Meja, who is also Britam Insurance Malawi chief executive officer, said other than the forex challenges, the industry is faced with rising prices, which has impacted on operational costs, forcing some players to ponder increasing premiums.
“When we insure, we insure on the basis that if there’s a claim, we should be able to come and assist. Now because of the devaluation and the inflation levels that we have now, the claim costs are going up almost every day so are the claims.
“A spare part that we were buying at K200 000 last year, we are buying it at K700 000, but the premium is as was a year ago. And operating expenses are rising.”
An industry player, who spoke on condition of anonymity, pointed out that most of the insurance firms have billions of claims for forex which banks are yet to honour.
This, the industry player said, means that if any eventuality befalls them, they may not be able to get compensations from their insurers, which could force them to go bankrupt.
The insurance industry has been struggling in recent years, with data showing that the sector posted a K2 billion combined underwriting loss in 2023, a rise from the previous year’s K91 million.

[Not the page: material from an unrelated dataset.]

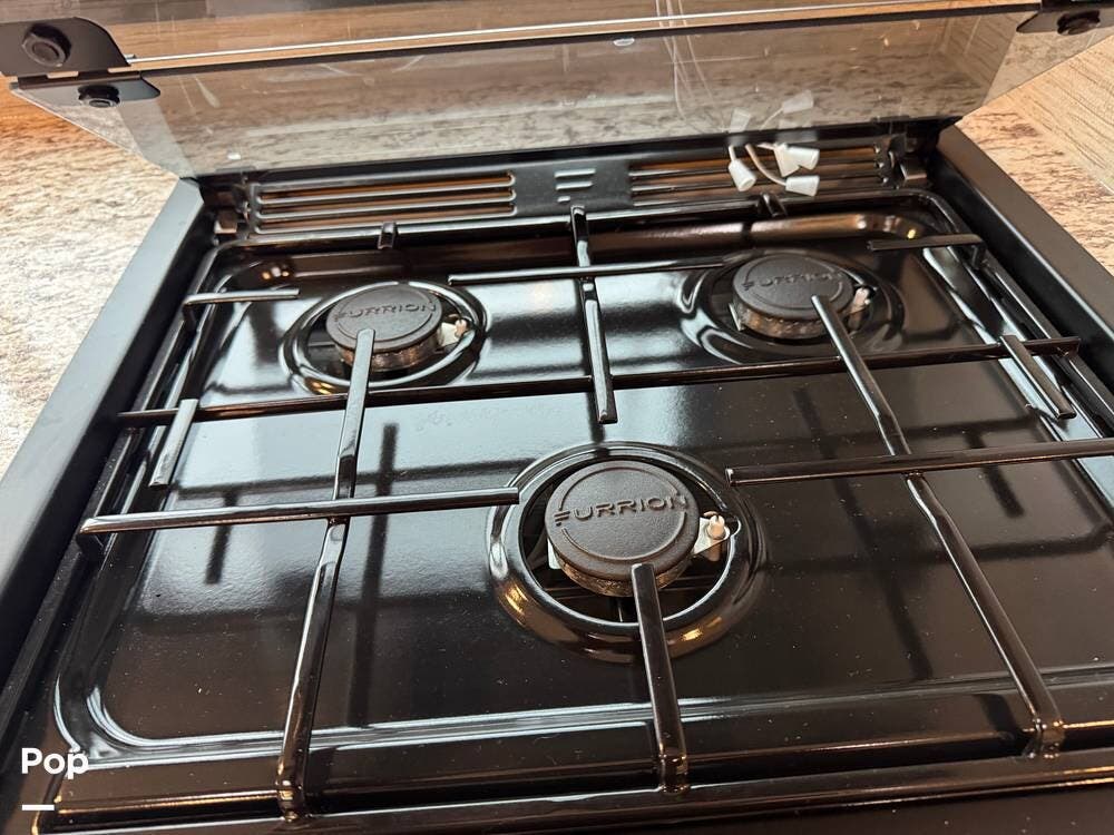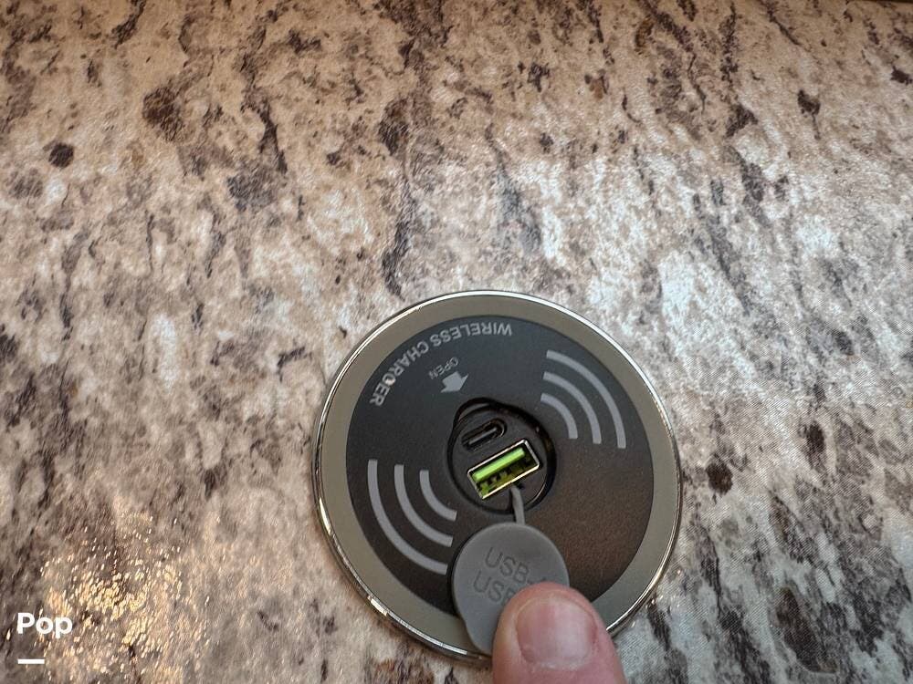 The kitchen is thoughtfully equipped with a high-rise faucet and stainless-steel sink, a multi-burner cooktop with a glass cover (which doubles as extra prep space), and a 12-volt double-door refrigerator -- perfect for weeklong trips or weekend getaways. A convenient pop-up power station with outlets and wireless charging keeps devices ready for adventure.

The factors that contributed to the losses include national economic pressures coming from currency devaluations in 2022 and 2023, high inflation environment which led to an increase in claims costs, court awards and operating expenses.
According to Reserve Bank of Malawi (RBM) data, premium ceded to reinsurers by general insurers in 2023 stood at K26.2 billion, representing 31.3 percent of total gross premiums written during the year.
Fire remained the highest reinsured class of business, constituting 40.2 percent of total ceded premiums followed by miscellaneous class at 18.7 percent.
Speaking at the 2025 Insurance Institute of Malawi Annual Charter Dinner in Blantyre last week, RBM deputy Governor Kisu Simwaka said through recently passed Insurance Act, the central bank seeks to bolster governance and management of insurance institutions and provide enhanced supervision over premium payments and claim settlements.
Treasury data shows that in 2017, insurance penetration, which is the contribution of the insurance sector through the amount of premium income generated in a particular year to its economy, was at 1.52 percent while the projected figure for 2021 was 1.50 percent.
These percentages are lower than insurance penetration of three and two percent reported in 2008 and 2014, respectively.
The insurance sector is crucial to the economy, serving as a vital channel for households and businesses to transfer risks to entities better equipped to manage them, according to experts.
The sector currently comprises six life insurance companies, eight general insurance firms, one re-insurance company, 24 insurance brokers, five agents for brokers (banks offering bancassurance services), 40 insurance agents (for general insurers), 494 individualised agents (for life insurers), 16 insurance loss assessors/adjusters, one insurance settling agent, and one funeral services insurance provider.
As at December 31 2023, total assets of general insurance in Malawi were valued at K88.9 billion while total assets of life insurance were valued at K1.3 trillion.